When left uncontrolled, large amounts of soil and other small particles collectively called sediment can move off of construction sites along with other attached pollutants. By volume, sediment is the greatest pollutant entering our surface waters, and causes multiple problems. Sediment buries plant and animal habitat critical to healthy streams, lakes, and wetlands. Loss of habitat reduces the number, diversity, and productivity of plants and animals living in aquatic environments. Sediment that remains suspended in the water column reduces water clarity, inhibits aquatic plant growth, lowers the esthetic and recreational values of water resources, and makes it difficult for some fish to find food. Suspended sediment increases the solar heating of water, scours aquatic life in streams, and clogs the gills of fish and aquatic insects. Warm water holds less oxygen than cooler water (oxygen is vital to aquatic animals) and increased water temperatures are stressful to coldwater fish such as trout. Particulate-bound nutrients, such as phosphorus delivered to surface waters by eroded soils, often causes algal blooms and alterations in the food chains, which further reduces the quality of these water resources.

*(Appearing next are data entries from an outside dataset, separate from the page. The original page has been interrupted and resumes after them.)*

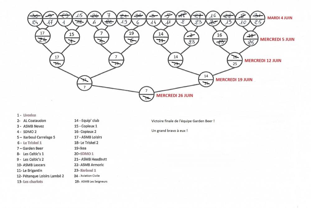 Consolante - Finale - Résultats jeu, 27/06/2019 - 21:06 | CyrilleAutret Bonjour à tous, La finale de la consolante, disputée mercredi 26 juin, a vu la victoire de l'équipe Garden Beer Landerneau (F3) face à l'Equip'Club (F4). Un grand bravo à eux ! Quelques photos sont disponibles ICI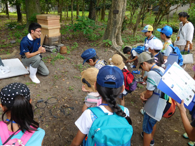 子どもたちは調査ポイントの北白川試験地では大橋健太 フィールド科学教育研究センター技術職員のほか、大学院生による日本ミツバチの説明や蜂蜜の試舐、物理学・宇宙物理学専攻では太田耕司 理学研究科教授から天体望遠鏡の仕組みなどの説明、馬術部厩舎では学生部員による馬に触れる体験、これらを通して研究報告書を完成させました。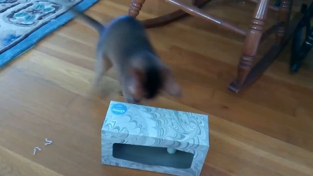 Mom recently bought an Abyssinian kitten, and named her Cleo (after Cleopatra). To cure Cleo of her habit of pulling all the tissues out of the box and shredding them, Mom took the tissues out, and replaced them with Cleo's Mr. Penguin toy (one of those plastic roly-poly toys that doesn't fall down). Cleo decides to go "fishing" for her Mr. Penguin toy in the tissue box. She has so much fun that Hermana, Mom's older Abbysinian, has to join in.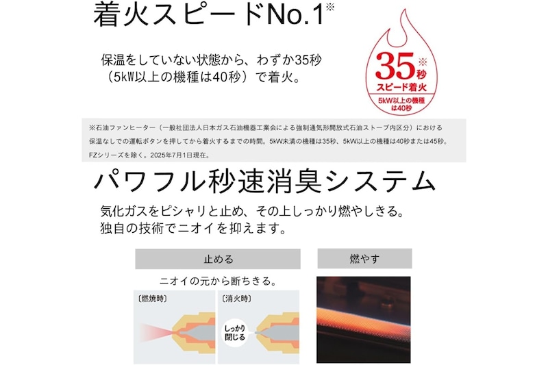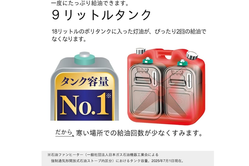前面の吹き出し口から温風を送る石油ファンヒーターなので、体感として立ち上がりの暖かさを求める人にも使いやすいタイプです。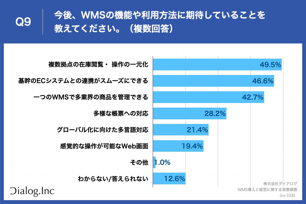 「Q9.今後、WMSの機能や利用方法に期待していることを教えてください。(複数回答)」(n=103)と質問したところ、「複数拠点の在庫閲覧・ 操作の一元化」が49.5%、「基幹のECシステムとの連携がスムーズにできる」が46.6%、「一つのWMSで多業界の商品を管理できる」が42.7%という回答となりました。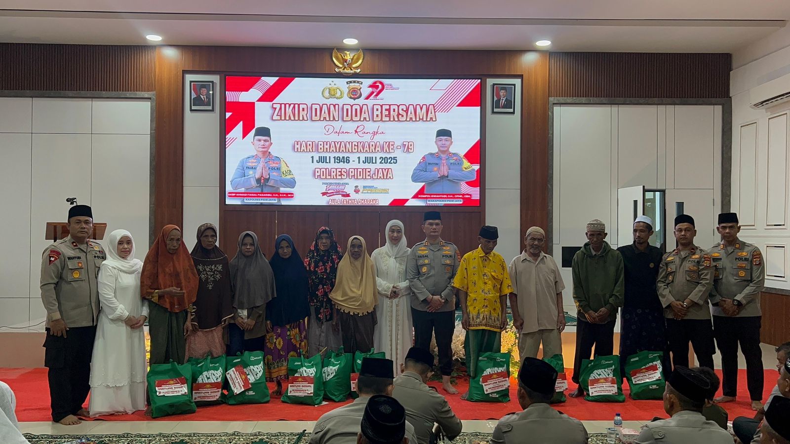 Selain zikir dan doa, Polres Pidie Jaya membagikan 20 paket sembako berupa beras dan telur kepada anak yatim dan lansia. Acara berlangsung khidmat dan diakhiri dengan harapan agar Polri semakin dicintai masyarakat.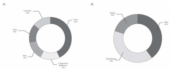 In Figure 18A, we can see that the most common plant among respondents is grass, followed by bluebell. In Figure 18B, we can see that, in the lattice category, the most common textures among respondents are palm, polyethylene and rattan.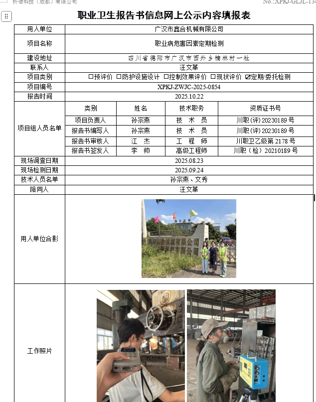广汉市鑫合机械有限公司职业病危害因素定期检测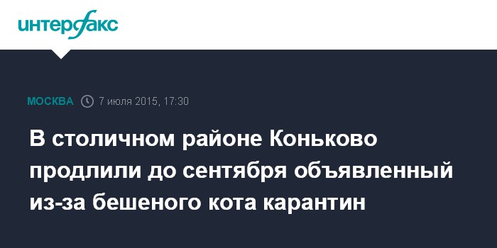 3 июля, источник в городской администрации сообщил "Интерфаксу", что мэр столицы Сергей Собянин подписал распоряжение об установлении карантина на территории района Коньково на юго-западе Москвы до 2 сентября 2015 года. "Карантин объявлен в связи с выявлением 1 июля случая заболевания бешенством домашнего животного на территории района", - сказал собеседник агентства.
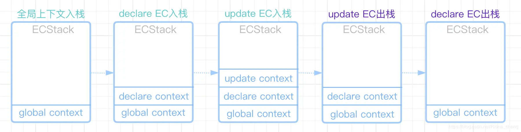 下面是上方用例中的执行上下文对应的进出栈流程示意图: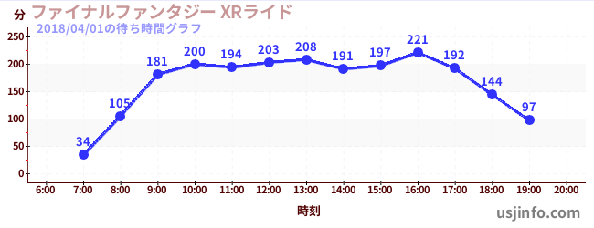 • ファイナルファンタジー XRライド$B$N(B2018年04月01日の待ち時間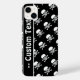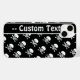 Capa de telefone de padrão crânio e bósforos em preto e branco com campo de texto editável. Disponível para Galaxy, iPhone, iPad e outros estilos populares de smartphone e tablet.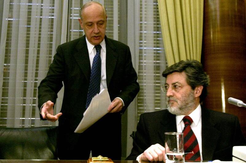 El exministro de Economía Roberto Lavagna, junto a el extitular de la AFIP Alberto Abad , Reunión Conferencia de Prensa (2003).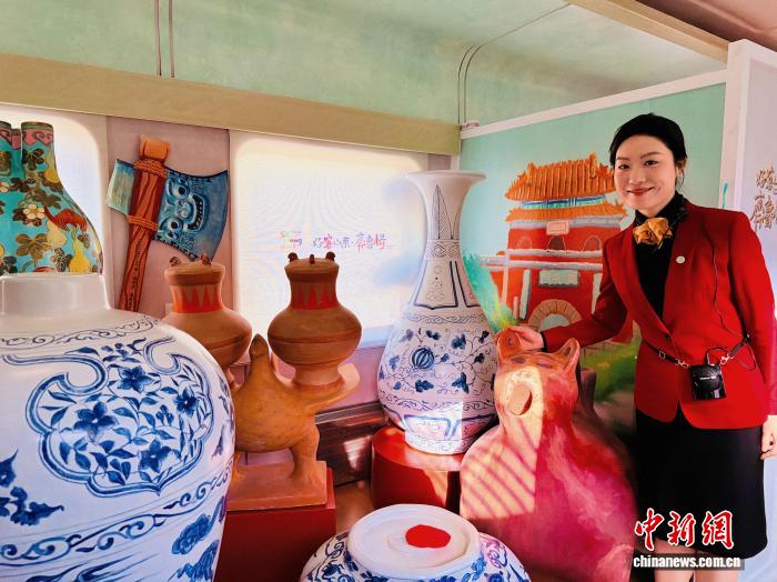 “好客山东·齐鲁1号”文物研学主题旅游列车设有瓷、陶、画像石等主题车厢。赵晓 摄

Number of construction sites in Dane County, Wisconsin
Hundreds of small and potentially problematic construction sites are being built upon in Dane County, Wisconsin, as urban and suburban development rapidly expands into the surrounding rural areas. For example, residential building permits issued in Dane County increased 15 percent in a single year, from 1,489 in 1997 to 1,709 in 1998 (Rosenberg, 1999). As urban sprawl continues in Dane County and in many other rapidly developing areas of the United States, erosion control at small construction sites will become an increasingly important issue as the water quality of streams, rivers, and lakes becomes degraded by sediment.
The cumulative effect of construction activities on a small site can be significant when compared to the platting (installation of roads, sewers, and utilities) of the subdivision. Several reasons exist:
How and when were the Dane County sites studied?

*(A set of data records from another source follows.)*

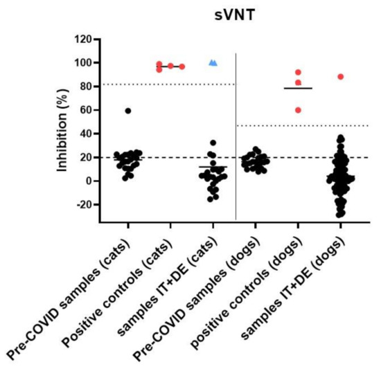 Surrogate virus neutralization test (sVNT) results on cat sera (left) and dog sera (right). The calculated inhibition is indicated as a percentage on the y-axis. The dotted lines show the positive cut-off value set for cat and dog samples, by calculating the six-fold standard deviation above the mean of pre-COVID-19 controls inhibition (81.8% in cats and 47% in dogs). The dashed line indicates the positive cut-off set, according to the manufacturer’s instructions, at 20%. Positive samples, which were also confirmed by the University of Utrecht, are shown as red dots. One dog (ID 5) showed neutralizing activity with an inhibition of 88.3%. The two samples collected from the RT-qPCR-positive cat (ID 234) in October 2020 with an inhibition of 99.9% and in November 2020 with an inhibition of 100.5% are indicated with blue triangles.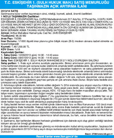 Eskişehir 1. Satış Memurluğu, Odunpazarı ilçesi sınırlarında kalan 66 metrekarelik dükkanı satışa çıkardı. Kuruyemiş satışına uygun olan dükkanın tahmini bedeli 1 milyon 487 bin 200 lira, KDV oranı ise yüzde 18 olarak belirlendi. Dükkanın ihalesi 12 Haziran 2013 günü saat 14.30 ile 14.40 arası Eskişehir 1. Sulh Hukuk Mahkemesi'nde yapılacak. Alıcı çıkmaması durumunda ikinci satış 8 temmuz 2013 günü aynı yer ve saatte gerçekleştirilecek.
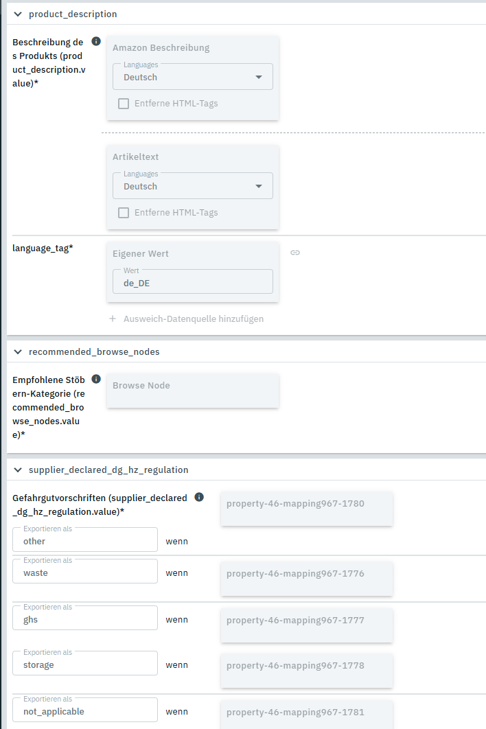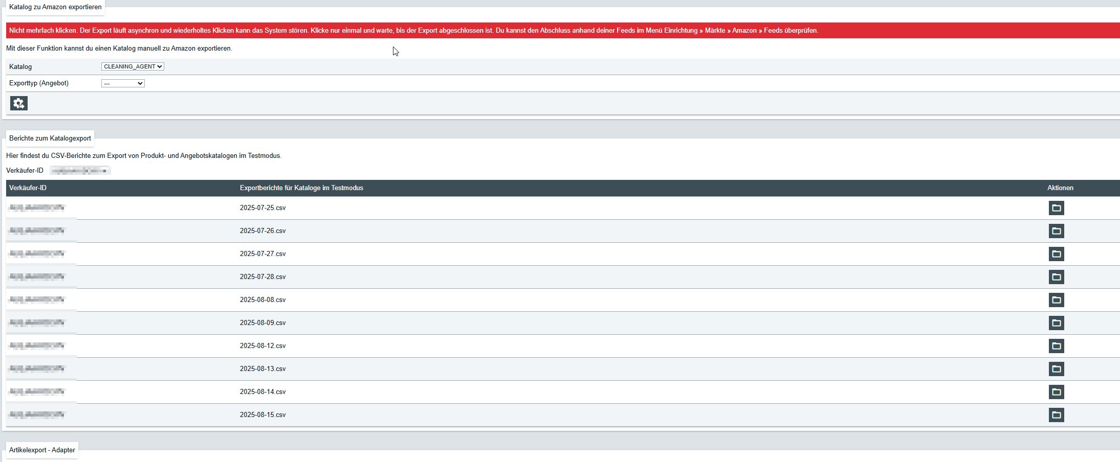 ich komme nicht mehr weiter. Ich habe damit begonnen, erste Produktkataloge für Amazon anzulegen. Hierfür habe ich für mehrere Produkttypen erst eine Channel Map erstellt und dann die ersten beiden Kataloge angelegt.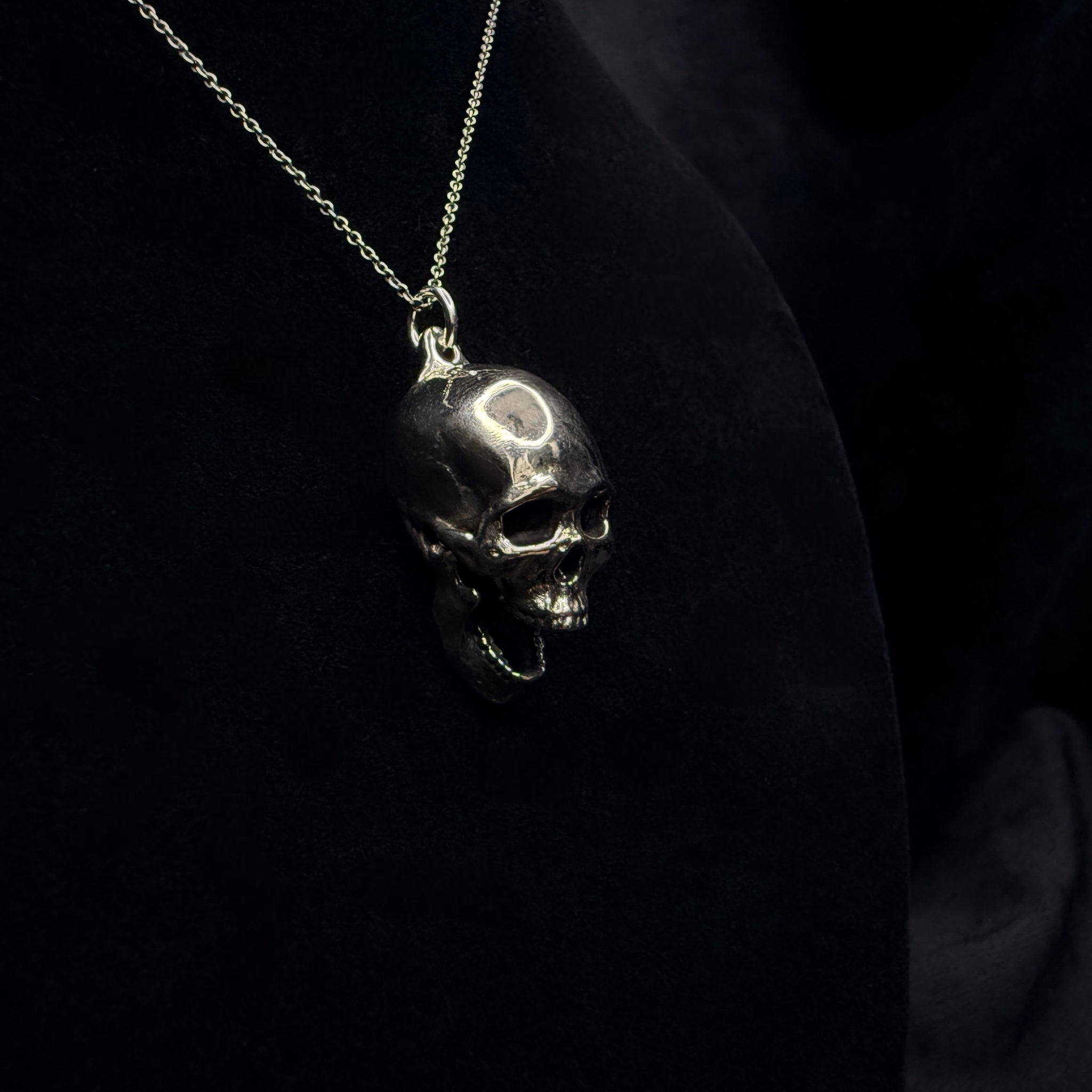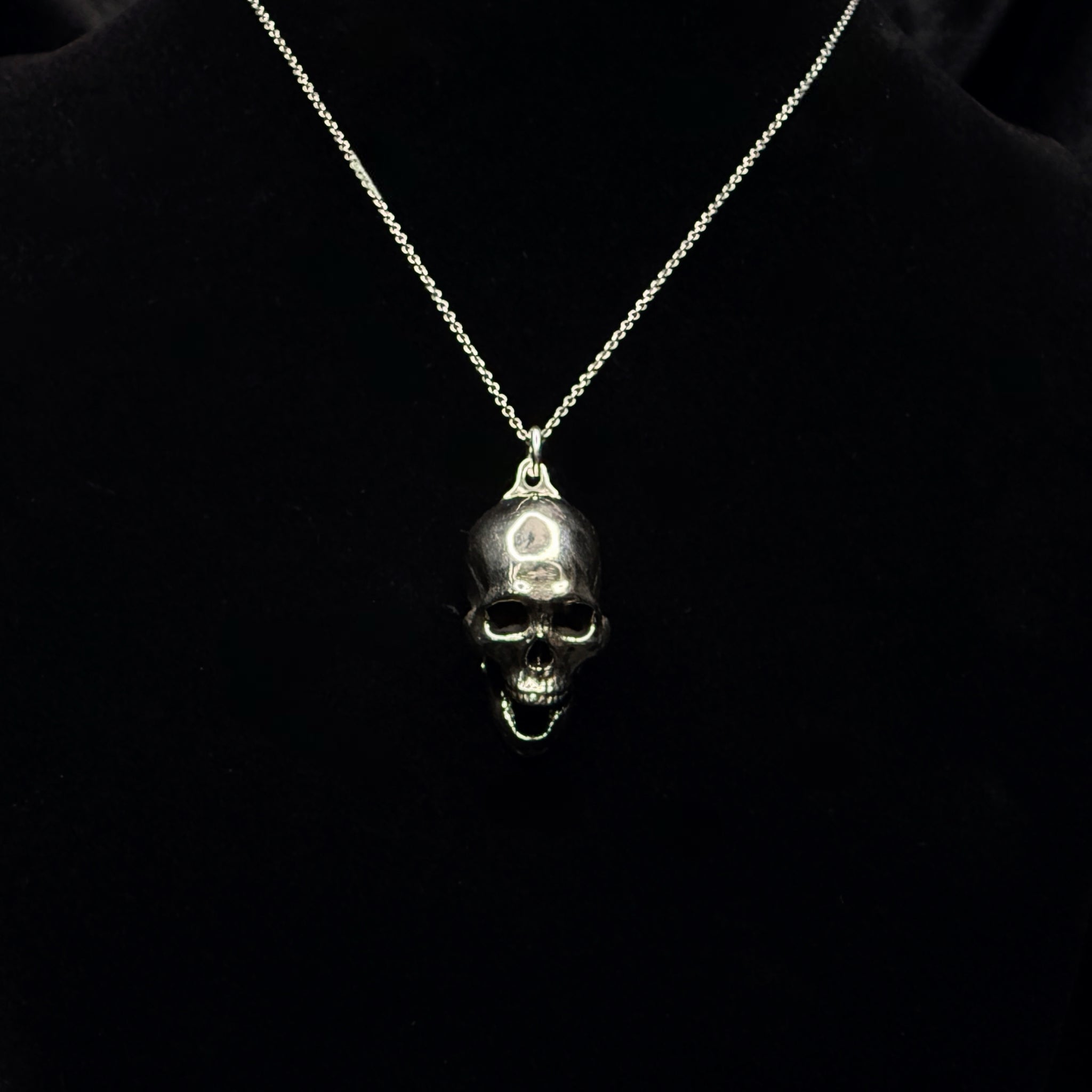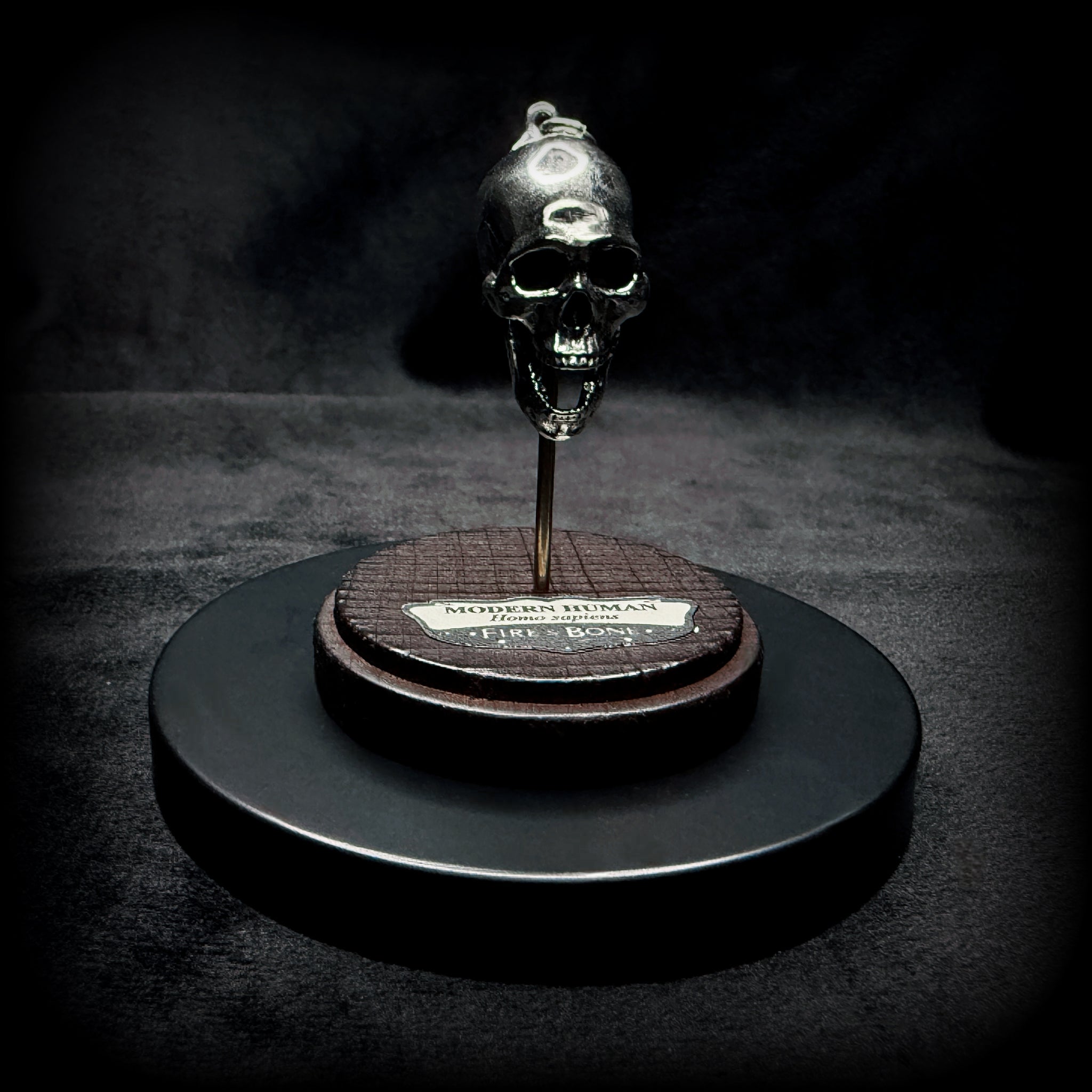 Modern Human Skull Pendant With Base - White Bronze

Two small construction sites in Dane County, one residential and one commercial, were selected to represent typical construction activity on sites less than 5 acres in size (fig. 1). The residential lot was 0.34 acres with an average slope of 8 percent, and the commercial office development lot was approximately 1.72 acres with an average slope of 4 percent.
Sites were selected on the basis of five criteria:
1. The site had to be stabilized or without construction activity for a sufficient period to allow for pre-construction monitoring of water quantity and water quality.
2. The site had to accommodate small wing walls or other structures that would direct discharge from a significant area of the site to a single discharge point.
3. The site had to be smaller than 5 acres.
4. Construction on the site had to be completed by September 1998.*
5. The builder had to agree to the proposed monitoring plan.
*Note: Some changes in scheduling occurred after site selections were made.
Because the objective of the study
was to quantify the movement of soil during construction activity,
erosion control practices were not evaluated as part of this study.
At both the commercial site and the residential site, erosion controls
were placed downstream from the monitoring equipment. The monitoring
equipment installed at each site is shown and described in figure 2.
Monitoring equipment include
Figure 2. Monitoring equipment installed at construction sites.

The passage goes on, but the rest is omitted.